BEIRUT // The leader of an ultraconservative Islamic rebel group in Syria was killed in a suicide bombing along with other of its top officials, weakening the ranks of the country’s already shaky armed opposition.
No group immediately claimed responsibility for Tuesday’s attack that killed Hassan Aboud and other leading members of Ahrar Al Sham, part of the strongest front that challenged the Islamic State of Syria and the Levant, which holds wide swaths of territory in Iraq and Syria.
But given that forces loyal to President Bashar Assad’s government do not typically use suicide bombers, it appeared likely that forces in the murky mix of opposition fighters in Syria’s 3-year-old civil war were involved.
The attack struck a high-level meeting of Ahrar Al Sham – or The Islamic Movement of Free Men of the Levant – held in the northwestern town of Ram Hamdan in the Syrian province of Idlib, one of its strongholds.
A statement from the group said the blast killed Aboud, also known by the nom de guerre Abu Abdullah Al Hamwi, along with 11 other top leaders.
“They were martyred ... in an explosion inside their meeting headquarters,” said a statement on the Twitter feed of the Islamic Front, the rebel coalition to which it belonged.
The Britain-based Syrian Observatory for Human Rights and Syrian state media also reported Aboud’s death.
An activist collective called the Edlib News Network said over 40 people died in a suicide bombing. The Observatory, which relies on a network of activists in Syria for its reports, said “tens” of people were killed.
Differing casualty figures are routine immediately after attacks in Syria.
Ahrar Al Sham was part of the Islamic Front, an alliance of seven powerful conservative and ultraconservative rebel groups that merged in late November. The Islamic Front wants to bring rule by Shariah law in Syria and rejects the Western-backed Syrian National Coalition, but cooperates with some of their fighters on the ground.
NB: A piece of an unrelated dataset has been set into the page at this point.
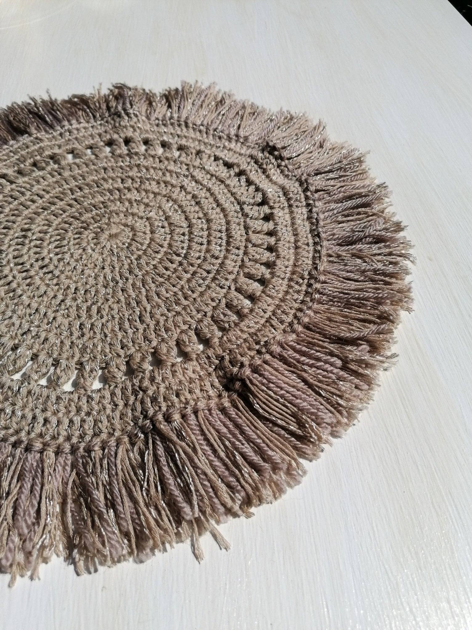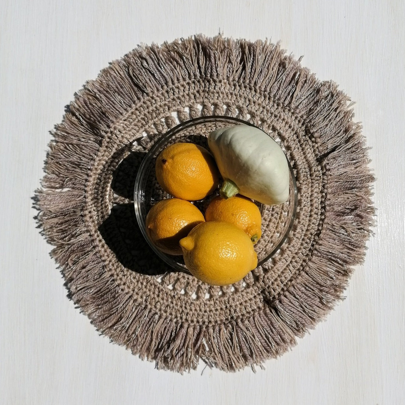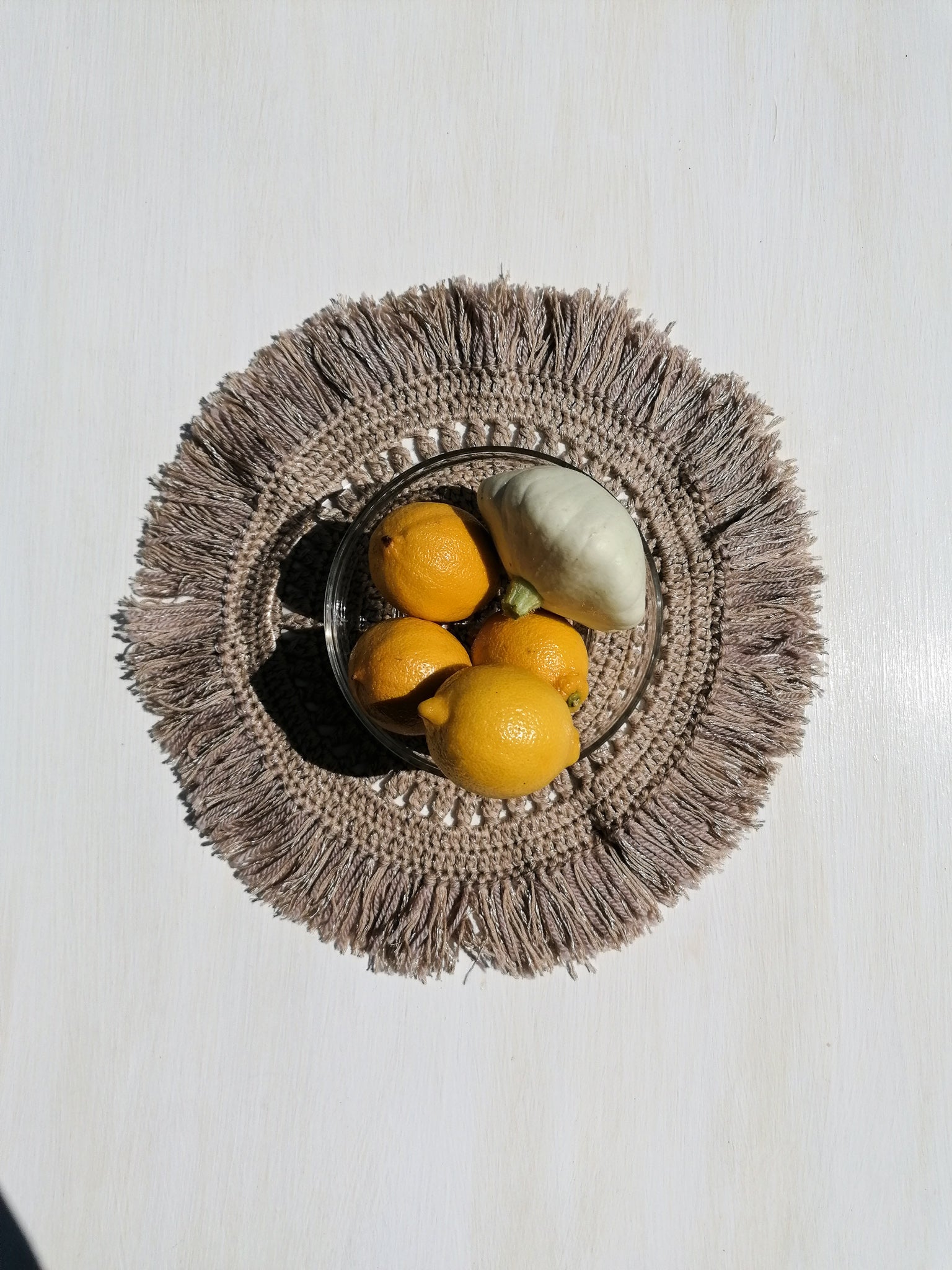 A crocheted blanket in a cool brown (or dark beige) color is great as a single placemat (for those who like to mix colors and shapes on the table), under a flower, vase, or bowl with decoration.

While Ahrar Al Sham was an ultra-conservative group, its leadership, including Aboud, sought to balance “the group’s fundamentalist platform with a relatively pragmatic political strategy”, said Noah Bonsey, a Syria analyst for the International Crisis Group. Aboud had even once met with a top US state department official, Mr Bonsey said.
Mr Bonsey said it was unlikely that Ahrar Al Sham would have been a direct recipient of American aid, because, despite its moderation, it still remained too hard-line for the West. But the bombing likely would significantly disrupt or possibly destroy the group as a whole, he said.
“Ahar Al Sham had been one of the best led and most organised, and overall, one of the most effective groups on the ground,” Mr Bonsey said. “It’s a loss of talent within the rebel spectrum as a whole. Ahrar Al Sham was one of the strongest, if not the strongest rebel group, and the question is, what will it look like going forward?”
Syria’s conflict began as large demonstrations against Mr Assad’s rule that collapsed into a war with sectarian undertones. Rebels are overwhelmingly from Syria’s Sunni Muslim majority. Many in Syria’s minority groups have backed Mr Assad or remained neutral, fearing for their fates should rebels come to power.
The conflict has been further complicated by militants of the ISIL group, whose mass killings, beheadings and targeting of minority groups has sparked international outrage.